Saturday, March 26, 2016

Early Spring Chores - So Easy and Fun


I wrote about pruning all the roses as soon as they started to leaf out. That encourages even more growth. We pruned the KnockOuts back by 50%, and they are responding well.

Inspection of roses - only one died during the winter. That will happen, and it is a very low rate for 60 to 70 roses. A true rosarian says, "I know what I will plant there."

The maple tree garden has 18 rose bushes, 8 of them transplants, all doing well. By transplanting early, pruning the transplants, and watering them well - with rain following - the transplants are all chipper and growing.

The main rose garden will grow by one row. Mrs. Ichabod prefers roses to grass. Rose are really low maintenance when grown the right way (my way).
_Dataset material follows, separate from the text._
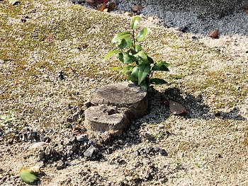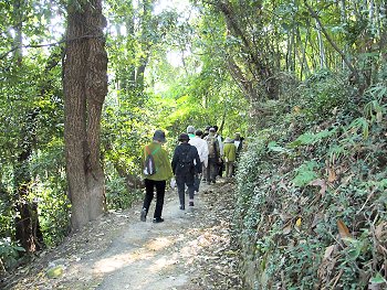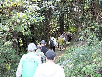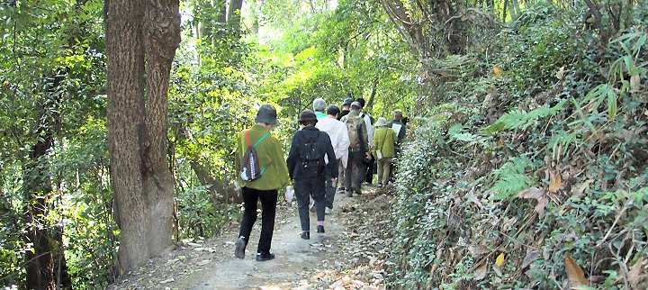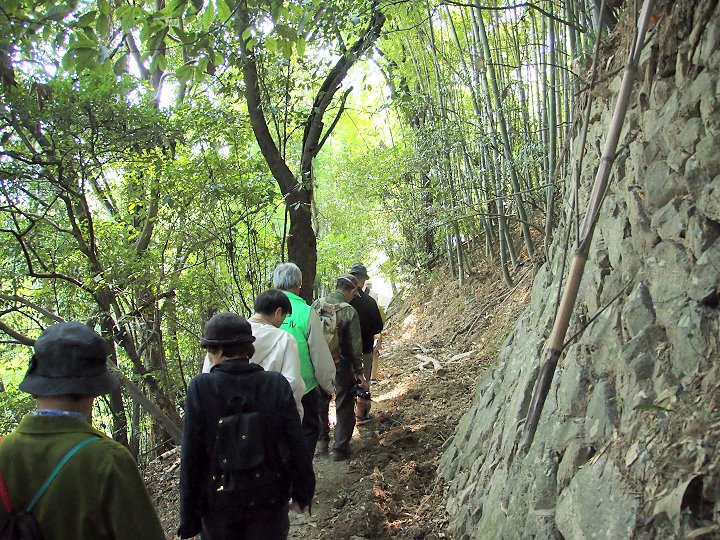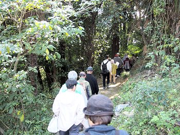 三体尊像に手を合わせました後で、境内を少し北側に移動。この薮の向こうには、日像上人が修行された滝が存在です。

Four barrels are gathering rainwater now, two in the front. I am filling gallon jars with rainwater to serve in two ways, In the tomato garden they will gather heat and radiate it all night, which protects against frost and gives the plants a energy efficient, solar-powered blanket at night. If some plants look stressed from dry weather, I have gallons of rainwater to pour on them at once.
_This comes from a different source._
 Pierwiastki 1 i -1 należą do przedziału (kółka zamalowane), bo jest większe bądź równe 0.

More than 60 bags of autumn leaves are on the cardboard, the grass is composting below. Since I already inoculated the area with Uncle Jim's red wigglers, reduction to the best soil will take place rapidly. The remaining layer on top should make a good weed barrier. This is my first large scale cardboard and leaves compost/mulch factory. Grandson Alex loved it last fall. "May I walk on it?" The sound was hollow underneath.



Bird Paradise

The platform bird feeder needed some help, so I straightened it out in the ground and built some gravel in cinder blocks around the base. The squirrels take great leaps to land on the feeder, which rocked it back and forth.

The two rain barrels yielded two lids for bird baths. I have about six large bird baths in the backyard. They will be placed in other areas later. When I am walking with Sassy in the morning, we see the starling flock circle the block and land in our yards. Sometimes we have a flock of grackles. Both are corvids, very clever, and great at eating grubs in the soil.

I had a bag of sunflower seed, so I filled the platform and scattered some old cheap seed around the tree stumps.